In Klein and Cambridge Therapeutic Technologies, LLC, v. Wasserman et al., C.A. No. 2017-0643-KSJM (May 29, 2019), the Delaware Court of Chancery addressed claims of breach of fiduciary duties, tortious interference, and civil conspiracy. Defendants’ motion to dismiss the claims was granted in part and denied in part.
This dispute arose out of a business relationship with Defendants Monica and Robert Breslow (“Breslows”), Defendant Marc Wasserman (“Wasserman”), Plaintiff Cambridge Therapeutic Technologies, LLC (“CTT”), and Plaintiff John H. Klein (“Klein”). CTT is a Delaware limited liability company founded by Klein and engaged in the packaging and distribution of pharmaceuticals. Klein also served as the President and CEO of CTT until December 2017 when the board removed him for cause.

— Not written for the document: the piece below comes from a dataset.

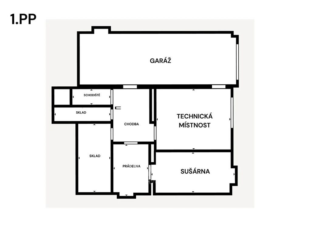 SUTERÉN: garáž, kotelna, sklad, prádelna, sušárna – ideální pro kutily, sběratele, domácí wellness anebo vybudování dalšího bytu, kanceláře nebo ateliéru

The Breslows invested $12.5 million in CTT and shortly thereafter sought a buy-out of their equity stake. While the Breslows were equity holders, they nominated Wasserman to the board. CTT alleged that the Breslows convinced Wasserman to use his position on the CTT board to “disrupt CTT operations as much as possible” in an effort to gain control and obtain a buy-out.
As a result, CTT sued both Wasserman and the Breslows, alleging: (1) Wasserman (as manager) and the Breslows (as controllers) breached their fiduciary duties; (2) the Breslows aided and abetted Wasserman’s breach of fiduciary duties; and (3) Wasserman and the Breslows breached their implied covenant of good faith and fair dealing. Additionally, Klein (former CEO of CTT) alleged: (1) Wasserman and the Breslows tortuously interfered with Klein’s Employment Agreement; and (2) Wasserman and the Breslows committed civil conspiracy.
The court denied defendants’ motion to dismiss count one—breach of fiduciary duties—as to Wasserman, and granted the motion to dismiss count one as to the Breslows. The court found that Wasserman certainly had fiduciary duties running to CTT at the time of the alleged incidents, but the Breslows lacked the “control” necessary to share those duties. Because count one was sufficiently plead as to Wasserman, the court denied defendants’ motion to dismiss count two—aiding and abetting by the Breslows.
The court granted defendants’ motion to dismiss count three—breach of the implied covenant of good faith and fair dealing—finding that there were no grounds to trigger the implied covenant where it had not been alleged that the agreement contained any contractual gaps that needed to be filled. The implied contractual covenant of good faith and fair dealing is sparingly used by the courts and only when the court finds that the parties failed to anticipate a situation, which, if they had anticipated it, they likely would have addressed the situation in their agreement. Defendants’ motion to dismiss count four—tortious interference with Klein’s Employment Agreement—was also granted. The court found that Klein failed to allege a breach of contract underlying the tortious interference claim, and therefore failed to allege tortious interference. Finally, the court dismissed count five—civil conspiracy—because it lacked the necessary predicate of tortious interference.